Records contained in a dataset
######

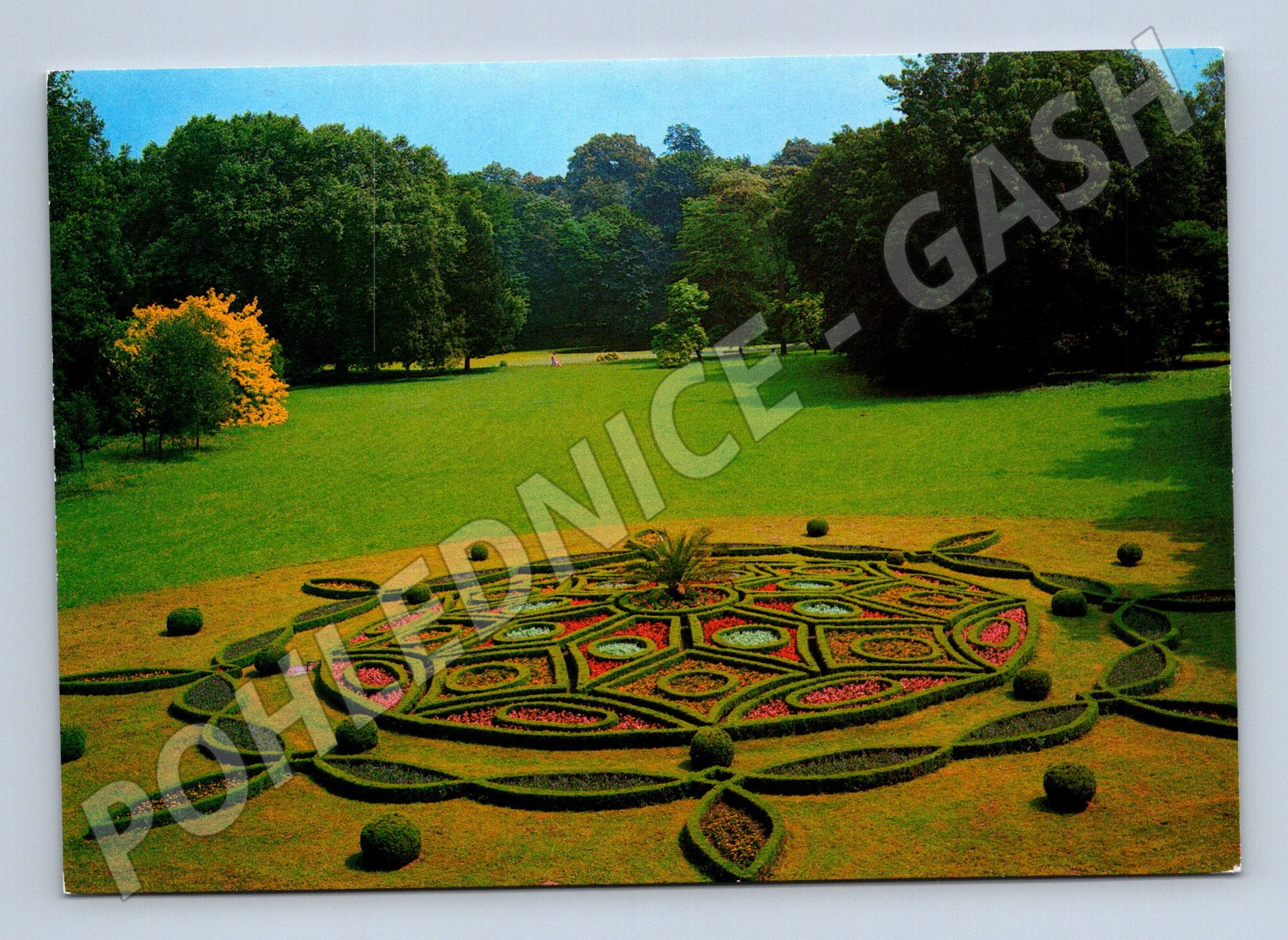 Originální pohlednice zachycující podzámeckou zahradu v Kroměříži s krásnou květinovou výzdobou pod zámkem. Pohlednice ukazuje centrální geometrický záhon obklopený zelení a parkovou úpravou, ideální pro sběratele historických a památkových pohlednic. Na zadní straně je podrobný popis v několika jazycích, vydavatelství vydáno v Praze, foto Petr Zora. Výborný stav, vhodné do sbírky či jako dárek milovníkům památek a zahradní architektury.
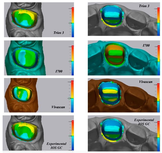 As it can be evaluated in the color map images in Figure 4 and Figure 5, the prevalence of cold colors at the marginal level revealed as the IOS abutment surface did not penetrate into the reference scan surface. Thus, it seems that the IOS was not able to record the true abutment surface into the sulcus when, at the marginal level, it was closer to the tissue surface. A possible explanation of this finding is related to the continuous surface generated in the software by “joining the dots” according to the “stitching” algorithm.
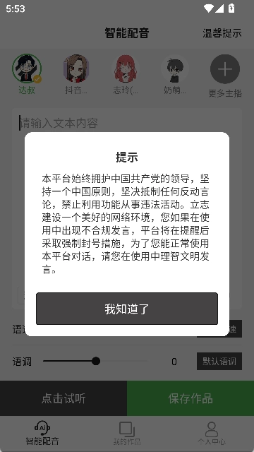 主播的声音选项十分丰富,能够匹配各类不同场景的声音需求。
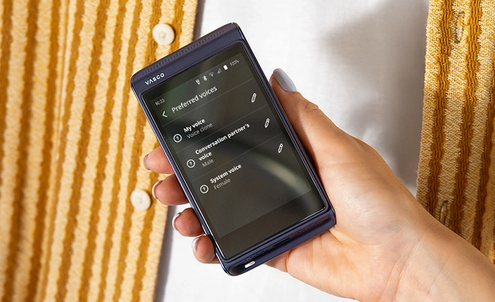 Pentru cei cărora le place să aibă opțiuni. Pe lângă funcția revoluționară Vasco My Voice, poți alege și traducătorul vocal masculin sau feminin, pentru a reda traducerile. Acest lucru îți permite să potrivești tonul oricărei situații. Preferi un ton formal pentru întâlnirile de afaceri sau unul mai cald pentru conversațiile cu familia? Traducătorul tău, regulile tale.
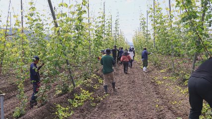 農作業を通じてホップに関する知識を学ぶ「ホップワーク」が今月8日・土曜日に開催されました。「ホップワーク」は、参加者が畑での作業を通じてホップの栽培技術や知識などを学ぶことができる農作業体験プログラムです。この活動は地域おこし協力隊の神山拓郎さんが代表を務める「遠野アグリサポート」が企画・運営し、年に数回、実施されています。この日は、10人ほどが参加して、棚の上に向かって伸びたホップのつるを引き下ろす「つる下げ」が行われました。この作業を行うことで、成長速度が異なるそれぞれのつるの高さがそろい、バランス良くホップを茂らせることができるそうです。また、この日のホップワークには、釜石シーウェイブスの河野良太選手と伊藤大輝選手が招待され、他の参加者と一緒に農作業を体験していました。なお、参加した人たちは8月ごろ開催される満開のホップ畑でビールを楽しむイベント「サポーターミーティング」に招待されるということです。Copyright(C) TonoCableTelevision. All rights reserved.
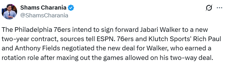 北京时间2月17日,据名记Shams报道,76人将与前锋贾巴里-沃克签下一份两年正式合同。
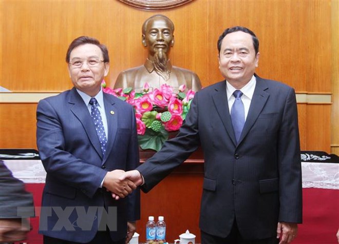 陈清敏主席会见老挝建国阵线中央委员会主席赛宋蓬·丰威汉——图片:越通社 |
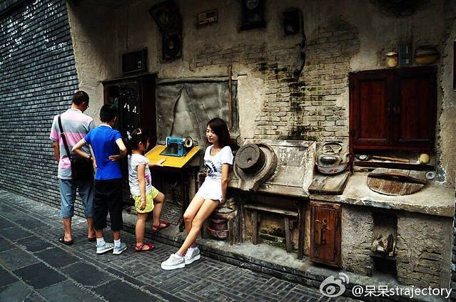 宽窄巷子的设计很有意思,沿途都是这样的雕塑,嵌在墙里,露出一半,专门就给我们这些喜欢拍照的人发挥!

######

TASK STATEMENT
Starting at the line that holds "陈清敏主席会见老挝建国阵线中央委员会主席赛宋蓬·丰威汉——图片:越通社 |", print each line through the last one of the entries above, exactly and with both ends included; no pictures.

ANSWER BELOW
 陈清敏主席会见老挝建国阵线中央委员会主席赛宋蓬·丰威汉——图片:越通社 |
 宽窄巷子的设计很有意思,沿途都是这样的雕塑,嵌在墙里,露出一半,专门就给我们这些喜欢拍照的人发挥!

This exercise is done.